The GST Margin Scheme, I'm told, offers a reduction. Okay. But how/where is it?

I can understand this well enough, I think ( an example from a book) :

Vendor: buys a block gst free. For $500,000. Spends $365,000 on building on it. Sells for $900,000
The margin is $400,000. The building costs are irrelevant.
The GST is 1/11 x $400,000 = $36,363

So that's the 'reduced' GST. 

What's the 'non reduced' gst? All the stuff I read explaining the margin scheme to me fails to mention the cost WITHOUT the margin scheme.

So I figured it must be this:

Sells for $900,000 : GST $90,000
MINUS gst credits for the building which = $33,181
$90,000 - $33,181 = $57,189

The 'not reduced' GST is $57,189.

So the 'saving' is $57,189 - $36,363 = $20,826

Right? I don't believe it. I can't see the ATO 'giving away' that much money.

Can anyone explain it to me?


----------



## JandE (Jul 17, 2015)

abrogard said:


> The GST Margin Scheme, I'm told, offers a reduction. Okay.
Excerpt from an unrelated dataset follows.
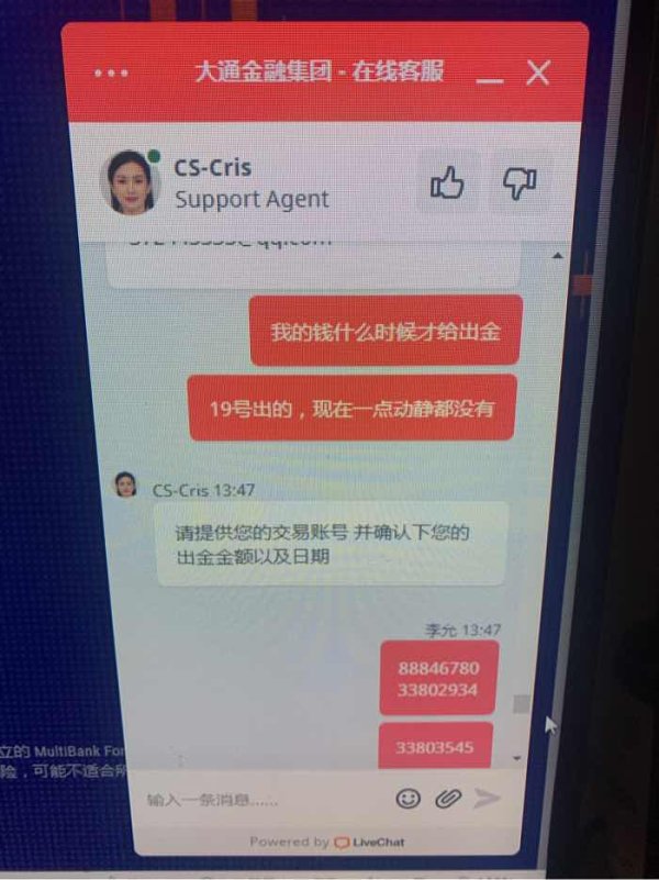 大通金融一次又一次的欺骗消费者,2个月时间,换啦各种借口,就是不让出金到账。

But how/where is it?
> 
> I can understand this well enough, I think ( an example from a book) :
> 
> ...


You are getting into complex tax issues with this, and it may not even be relevant.

*Eligibility to use the margin scheme*

If you sell property as part of your business and you're registered for GST, you may use the margin scheme to work out how much GST you must pay.
If you use the margin scheme the parties must have a written agreement to use the margin scheme *before* settlement.

You *can’t* use the margin scheme:

if you purchased the property as fully taxable and the margin scheme wasn't used
if you weren’t registered or required to be registered for GST at the time of your sale


----------